Действительно, театр на Таганке хотел восстановить в своих правах идеи и формы режиссуры Мейерхольда, Вахтангова, Эйзенштейна, помноженные на открытия «эпического театра» Брехта. Эту необходимую историческую миссию он выполнил радикальнее других театров. Подхватив прежние формы условно-метафорического искусства, с годами выродившиеся в оперную помпезность, он вернул им исконный демократизм и двинулся дальше. Обаяние первой брехтовской постановки студии в том и состояло, что условная сценическая площадка, уничтожение привычных декораций (их заменили столы из аудиторий), введение униформы (обычных тренировочных костюмов) — все служило смелой студенческой раскованности, с какой вели себя молодые актеры.

Свобода от бытовых сценических норм стала первым условием жизни театра. Ради этого он отказывался не только от современной бытовой драматургии, но и от лучших пьес Арбузова, Розова, Володина, пока что сторонился даже произведений Чехова. Актеры прямо заявляли, что они никогда не будут играть «розовских мальчиков». «Таганка» воевала против сценической манеры «Современника» и на первых порах стала антагонистом «школы переживания». Овладевая секретами брехтовского «эффекта отчуждения», актеры вырабатывали новую манеру вольного владения ролью, легко входили и выходили из образа, свободно общались со зрителем. Эта манера, казалось, дарила более широкие полномочия: актер действовал не только от имени персонажа, но и от своего собственного, выражал одновременно и волю автора, и волю своего поколения.
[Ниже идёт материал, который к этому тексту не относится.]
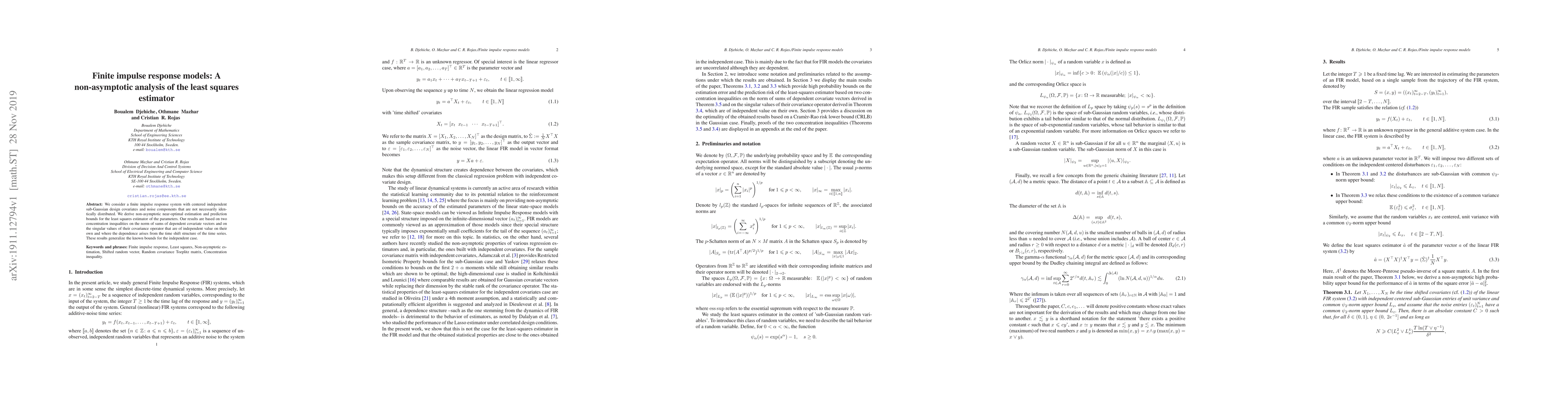 This paper develops non-asymptotic bounds for the least-squares estimator in finite impulse response models with sub-Gaussian covariates and non-identically distributed noise. The results rely on novel concentration inequalities for dependent covariate vectors and their covariance operator, extending known bounds for independent cases.

Теперь, когда театр на Таганке прожил уже почти пятнадцать лет, стало очевидно, что Юрию Любимову удалось не только подхватить сценические открытия 20-х годов, но и развить их дальше. Театр начал с поэтических и публицистических представлений, где устанавливались иные, чем прежде, взаимоотношения актера и зрителя, сцены и зала. Нужно было всеми средствами активизировать человека, оторвать его от спинки кресла. Ради этого были взяты на вооружение все мейерхольдовские открытия — разрушение «четвертой стены», ликвидация рампы, портала, выходы в зрительный зал, отказ от павильона, от костюмов, гримов и париков. Актер, отлично владеющий своим телом и голосом, ловкий, пластичный и музыкальный, должен был одинаково легко петь, танцевать, читать стихи, выполнять акробатические трюки, пантомимы и цирковые аттракционы. Развитие внешней актерской техники, на какое-то время в нашем театре приторможенное, вдруг дало неожиданный толчок всему театральному делу.
Что же произошло? Почему именно принцип открытого площадного представления и ориентация на внешнюю актерскую технику сыграли — на первых порах — такую значительную роль? Очевидно, весь секрет был в том, что тут создавался новый, динамический тип сценического зрелища. Прежний, основанный на ремесленной драматургии, приучал зрителя к позиции инертного созерцателя, которому заранее известны условия, регламент и результаты игры, он чаще всего вежливо улыбался и хлопал в ладоши приличное число раз.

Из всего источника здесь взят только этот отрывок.